Principle:Fastai Fastbook Language Model Data
| Knowledge Sources | |
|---|---|
| Domains | Natural Language Processing, Language Modeling, Data Engineering |
| Last Updated | 2026-02-09 17:00 GMT |
Overview
Language model data preparation is the process of organizing numericalized token sequences into contiguous streams and then slicing them into overlapping input-target pairs suitable for training an autoregressive language model.
Description
A language model is trained to predict the next token given all preceding tokens. To create training data for this task, the standard approach involves:
- Concatenation: All documents in the corpus are concatenated into a single long stream of token indices, separated by xxbos tokens at document boundaries.
- Reshaping into batches: The stream is divided into bs (batch size) roughly equal-length columns. This creates a matrix of shape (stream_length // bs, bs) where each column is a contiguous subsequence.
- Sequence windowing: A sliding window of length seq_len moves down the rows to produce input sequences x and target sequences y, where y is x shifted forward by one position.
This batching strategy is fundamentally different from classification data loading. In classification, each sample is independent. In language modeling, the hidden state of the RNN carries over from one batch to the next within the same column, allowing the model to learn dependencies that span multiple windows.
Usage
Use language model data loading when:
- Fine-tuning a pretrained language model (e.g., AWD-LSTM pretrained on Wikitext-103) on a domain-specific corpus.
- Training a language model from scratch on a new corpus.
- The first stage of the ULMFiT three-step transfer learning pipeline.
This is distinct from classifier data loading where each sample has a label and samples are independent.
Theoretical Basis
Stream Concatenation and Batching
FUNCTION prepare_lm_data(documents, bs, seq_len):
# Step 1: Concatenate all documents into one stream
stream = []
FOR EACH doc IN documents:
stream.extend(doc) # doc is already numericalized
# Step 2: Trim to fit evenly into batches
n = len(stream)
trimmed_length = (n // bs) * bs
stream = stream[:trimmed_length]
# Step 3: Reshape into (num_rows, bs) matrix
# Each column is a contiguous subsequence
matrix = reshape(stream, shape=(-1, bs))
# matrix shape: (trimmed_length // bs, bs)
# Step 4: Generate (x, y) pairs via sliding window
FOR i IN range(0, num_rows - 1, seq_len):
x = matrix[i : i + seq_len, :] # shape: (seq_len, bs)
y = matrix[i + 1 : i + seq_len + 1, :] # shifted by 1
YIELD (x, y)
Why This Batching Strategy?
Consider a stream of 20 tokens with bs=4:
Stream: [a, b, c, d, e, f, g, h, i, j, k, l, m, n, o, p, q, r, s, t]

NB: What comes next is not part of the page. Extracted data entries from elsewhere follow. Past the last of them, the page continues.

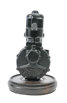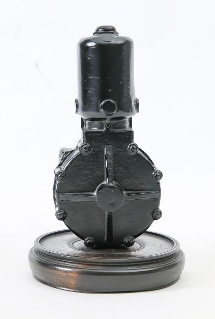 the cast metal miniature engine painted black, attached to a turned ebony plinth
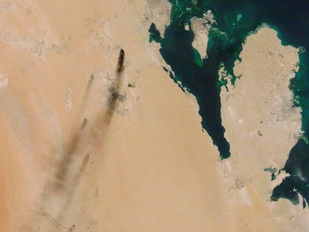 ▲ 미국 항공우주국(NASA)이 14일(현지시간) 제공한 아라비아반도 사우디아라비아 북동부 사진. 드론공격으로 불 타오르는 석유시설의 모습이 '검댕이'와 '붉은 빛'으로 나타나 있다.[AP 뉴시스]
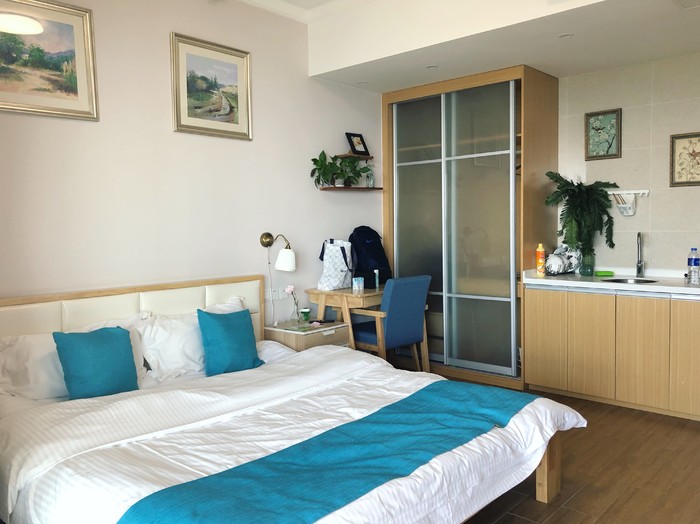 原来定的16楼房源,房东给升级房间了。风格有所不同,17楼的视野开阔,海景净收眼底,房间内布置跟Airbnb上图片一致,内有厨房(可以做简单的烹饪)、冰箱、浴缸、洗衣机,设备人性化。
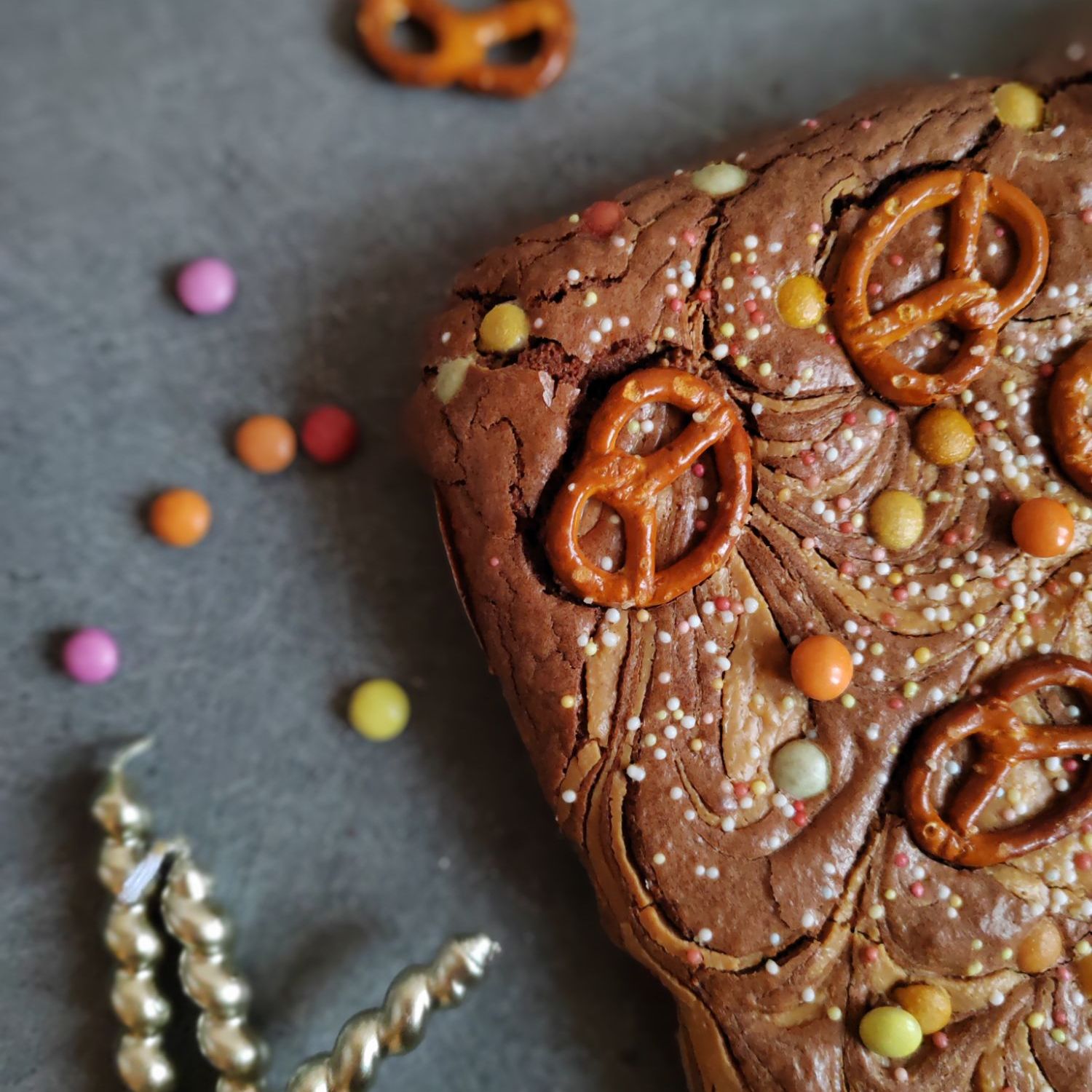 Cette recette, le l’ai faite pour mon fils de 9 ans. Ce brownie rassemble tous les ingrédients préférés de ce petit gourmand. C’est à dire, le chocolat, le beurre de cacahuètes et les bretzels apéro. Le tout associé, donne un résultat à tomber.

Reshaped into 4 columns (bs=4), 5 rows:
Col0 Col1 Col2 Col3
Row0: a f k p
Row1: b g l q
Row2: c h m r
Row3: d i n s
Row4: e j o t
With seq_len=2:
Batch 1: x = [[a,f,k,p], [b,g,l,q]] y = [[b,g,l,q], [c,h,m,r]]
Batch 2: x = [[c,h,m,r], [d,i,n,s]] y = [[d,i,n,s], [e,j,o,t]]
Key insight: Within each column, the tokens are contiguous from the original stream. The LSTM hidden state from the last token of batch 1, column 0 (token b) carries over to the first token of batch 2, column 0 (token c). This allows the model to learn long-range dependencies that extend beyond a single seq_len window.
Sequence Length Randomization
To prevent the model from learning to expect a fixed sequence length and to provide regularization, the actual sequence length for each batch is sampled from a distribution centered around seq_len:
FUNCTION sample_seq_len(target_seq_len):
# With probability 0.95, use a slightly varied length
# With probability 0.05, use half the target length
IF random() < 0.05:
effective_len = target_seq_len // 2
ELSE:
effective_len = target_seq_len
# Add small random variation
actual_len = max(1, effective_len + random_int(-5, 5))
RETURN actual_len
This technique, borrowed from the AWD-LSTM paper (Merity et al., 2017), acts as a form of data augmentation and helps prevent overfitting to fixed-length patterns.